1937 senesinde Konya’da doğan Süleyman Hayri Bolay, bu eserin sunuş kısmında bu eserle hedeflediklerini belirtmiştir: “ Tanzimat'tan günümüze gelen ve gelişen düşünce hayatımızı, düşünürlerimizin neler düşündüklerini yeni nesillerle tanıştırmak, onların tefekkür kabiliyetlerini tahrik etmek, onların Batı düşüncesi karşısında eziklik duymalarını önlemek, babalarının, dedelerinin yahut yakın ve uzak akrabalarının neler düşündüklerini, hangi sorunlarla boğuştuklarını, onlara nasıl çözümler getirdiklerini, hangilerini çözemeyip bize aktardıklarını sergilemek…"
Eser, “Türkçe ile felsefe yapılamaz, bizde filozof yetişmedi, yetişemez” gibi gerçeği yansıtmayan fakat tesiri altında bırakıldığımız iddiaları da reddediyor. Süleyman Hayri Bolay hocanın kitabına dercettiği şu sözleri kitabın zamanımızdaki çok mühim problemlere cevaplar verebilecek nitelikte olduğunu göstermekte.
 “Eskiden de büyük filozoflar yetiştirmiş bir ulusuz biz. Türk düşünürlerin katkısı olmasaydı Avrupa Rönesans'a ulaşamazdı. Descardest'tan yüzyıllar önce Gazâlî'miz vardı bizim. Nicolai Hartman'dan daha mı az Fârâbî'miz. Husserle'den neyi eksik Sühreverdî'nin. Mevlânâ'nın, Yûnus'un, Pir Sultan Abdal'ın günümüzdeki o ünlü varoluşçulardan nesi daha aşağı. Şimdi kalkıp da “Biz filozof olamayız” diye kestirip atmak son derece yanlış olur.”
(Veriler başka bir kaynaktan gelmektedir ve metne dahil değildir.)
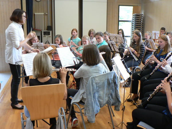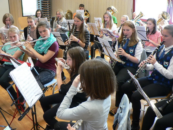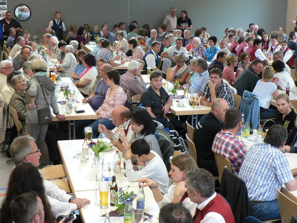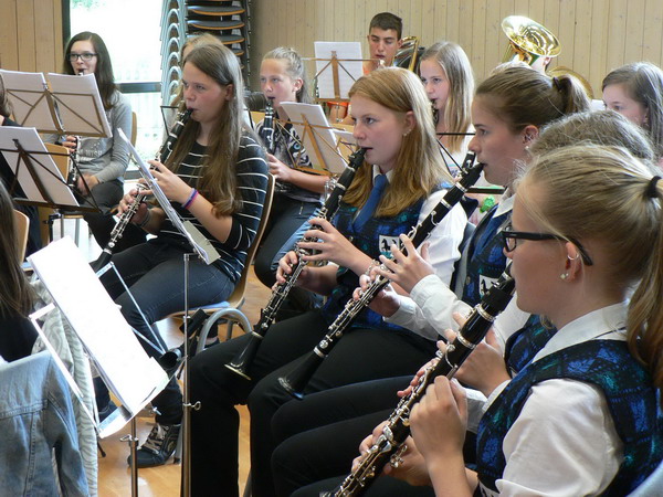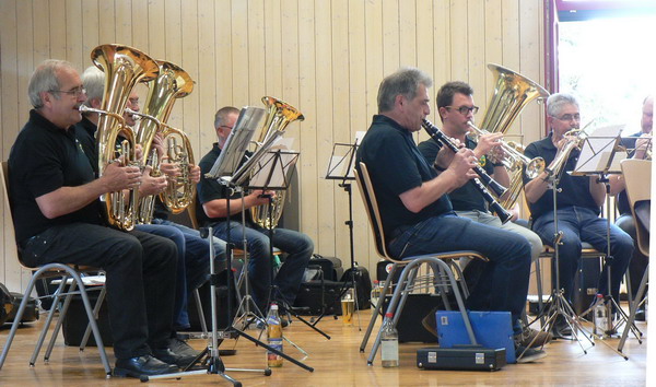 Bis in die frühen Morgenstunden hinein hatte der Musikverein auf sommerliches Wetter gehofft. Da sich der Himmel jedoch immer mehr verdunkelte, entschied sich die Vorsitzende Silke Weigold für „Plan B“. Das bedeutete, die Veranstaltung nicht im Freien, sondern in der Halle durchzuführen. Mit ihrer Entscheidung sollte sie schließlich (leider) Recht behalten. Zu Beginn des Frühschoppens und über die Mittagsstunden prasselte der Regen nieder. Die Gäste ließen sich jedoch von dem Regen nicht vom Festbesuch abhalten. Über die Mittagszeit bis in die frühen Nachmittagsstunden war die Halle proppenvoll. Zum Frühschoppen spielte der Musikverein aus Flözlingen auf und unterhielt die Gäste mit einem bunten Melodienreigen. Die Helfer hatten alle Hände voll zu tun, um dem Besucheransturm Herr zu werden. Angeboten wurden ein reichhaltiger Mittagstisch sowie ein großes Kuchenbüfett. Am Nachmittag hatte die Jugendkapelle aus Marschalkenzimmern/Hopfau mit ihrer Dirigentin Sarah Schanz ihren großen Auftritt. Ihre insgesamt 38 Schützlinge (davon knapp die Hälfte aus Hopfau) gaben einige Kostproben ihres Könnens ab und erhielten dafür viel Beifall. Selbstverständlich wurde auch die gewünschte Zugabe gespielt. Sarah Schanz zeigte sich mit den Nachwuchsmusikern sehr zufrieden. Alle seien sehr motiviert und kämen gerne zu der wöchentlichen Probe. Weil es so viele Musiker seien mache es auch mehr Spaß und man könne auch mehr machen, so die Dirigentin voll des Lobes. Ein Vorteil sei auch, dass in der Jugendkapelle alle Register vertreten sind. Nach dem Auftritt der Jugendkapelle leerte sich die Halle etwas. Als nächste Blaskapelle konnte Silke Weigold den Musikverein aus Bildechingen/Horb begrüßen. Zwischenzeitlich zeigte sich auch die Sonne für einige Zeit. Die kleinen Besucher konnten sich in der aufgebauten Hüpfburg austoben. Reger Betrieb herrschte auch am Weizenbierstand. Den musikalischen Schlusspunkt setzten am Abend zum Festausklang die „Oldies“ des Hopfauer Musikvereins mit ihrem Dirigenten Herbert Zeller. Trotz des schlechten Wetters zog die Vorsitzende Silke Weigold zum Schluss der durchweg gelungenen Veranstaltung ein sehr positives Fazit und bedankte sich bei den zahlreichen Helfern für ihre Unterstützung.

Nobel yayınlarından çıkan eserin cilt cilt dağılımları şöyle:
1-2 Siyasi, idari ve sosyal düşünce temsilcileri.
3-4 A, 4 B. Bilimsel ve felsefi düşünce temsilcileri.
5. Ahlakî ve edebî düşünce temsilcileri.
6. Dînî ve tasavvufî düşünce temsilcileri.
7. Türk dünyası düşünür temsilcileri.
            Panelin onur konuğunu yalnız bırakmayan ve bu devasa eserde maddeleri bulunan hocalarımız: Prof. Dr. Bedri Gencer, Prof. Dr. Alparslan Açıkgenç, Doç. Dr. Suat Mertoğlu ve Senail Özkan. Paneli Suat Mertoğlu hoca yönetti.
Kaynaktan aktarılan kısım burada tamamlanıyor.